Records provided =
★ ★ ★ ★

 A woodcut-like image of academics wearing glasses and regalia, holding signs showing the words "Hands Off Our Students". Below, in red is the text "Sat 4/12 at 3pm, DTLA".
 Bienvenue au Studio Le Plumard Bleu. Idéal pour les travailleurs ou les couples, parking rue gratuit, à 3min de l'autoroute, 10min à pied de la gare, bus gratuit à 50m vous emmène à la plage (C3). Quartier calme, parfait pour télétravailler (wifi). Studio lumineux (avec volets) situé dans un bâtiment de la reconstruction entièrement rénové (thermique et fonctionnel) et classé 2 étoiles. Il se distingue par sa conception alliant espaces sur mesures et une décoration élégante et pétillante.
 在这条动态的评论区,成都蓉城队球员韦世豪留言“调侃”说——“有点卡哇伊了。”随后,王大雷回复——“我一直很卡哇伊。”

★ ★ ★ ★

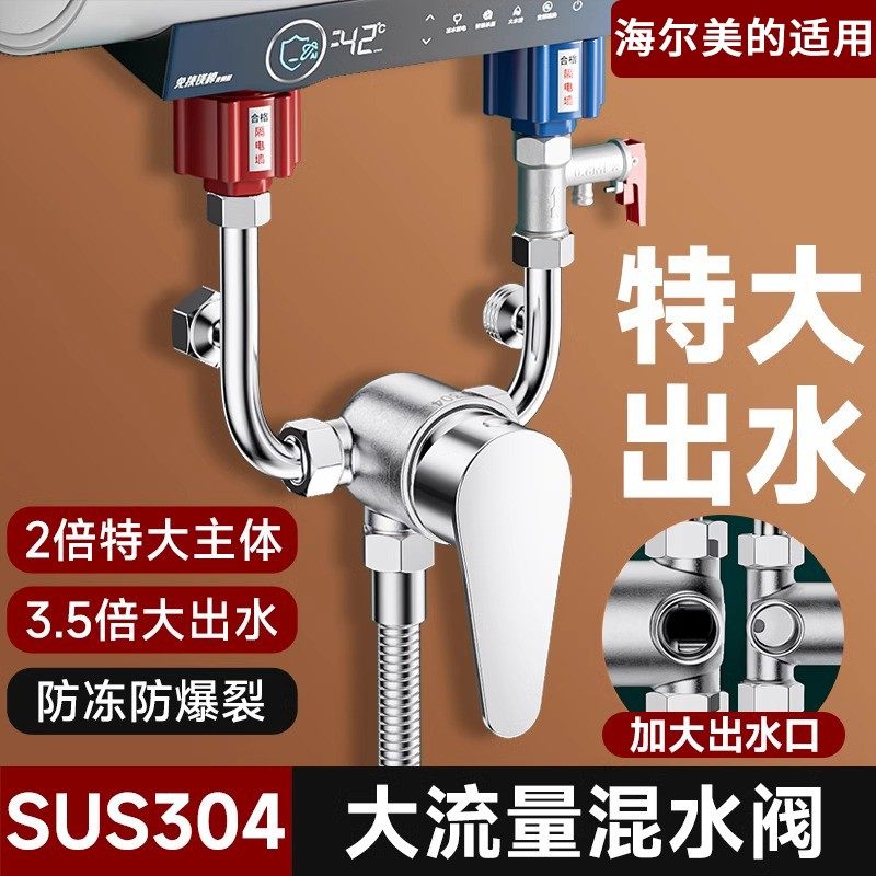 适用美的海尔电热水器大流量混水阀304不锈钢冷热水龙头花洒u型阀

★ ★ ★ ★

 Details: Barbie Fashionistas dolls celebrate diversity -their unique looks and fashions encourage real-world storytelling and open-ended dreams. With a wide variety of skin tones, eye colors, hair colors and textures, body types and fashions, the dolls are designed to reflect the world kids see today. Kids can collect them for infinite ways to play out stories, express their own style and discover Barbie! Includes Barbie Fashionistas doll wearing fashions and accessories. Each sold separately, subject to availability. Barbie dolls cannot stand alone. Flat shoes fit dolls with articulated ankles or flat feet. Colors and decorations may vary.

★ ★ ★ ★

What you are asked to do =
Reproduce verbatim only the segment of the listing bounded by the line containing "A woodcut-like image" and the line containing "在这条动态的评论区,成都蓉城", with both boundary lines included.

Task result =
 A woodcut-like image of academics wearing glasses and regalia, holding signs showing the words "Hands Off Our Students". Below, in red is the text "Sat 4/12 at 3pm, DTLA".
 Bienvenue au Studio Le Plumard Bleu. Idéal pour les travailleurs ou les couples, parking rue gratuit, à 3min de l'autoroute, 10min à pied de la gare, bus gratuit à 50m vous emmène à la plage (C3). Quartier calme, parfait pour télétravailler (wifi). Studio lumineux (avec volets) situé dans un bâtiment de la reconstruction entièrement rénové (thermique et fonctionnel) et classé 2 étoiles. Il se distingue par sa conception alliant espaces sur mesures et une décoration élégante et pétillante.
 在这条动态的评论区,成都蓉城队球员韦世豪留言“调侃”说——“有点卡哇伊了。”随后,王大雷回复——“我一直很卡哇伊。”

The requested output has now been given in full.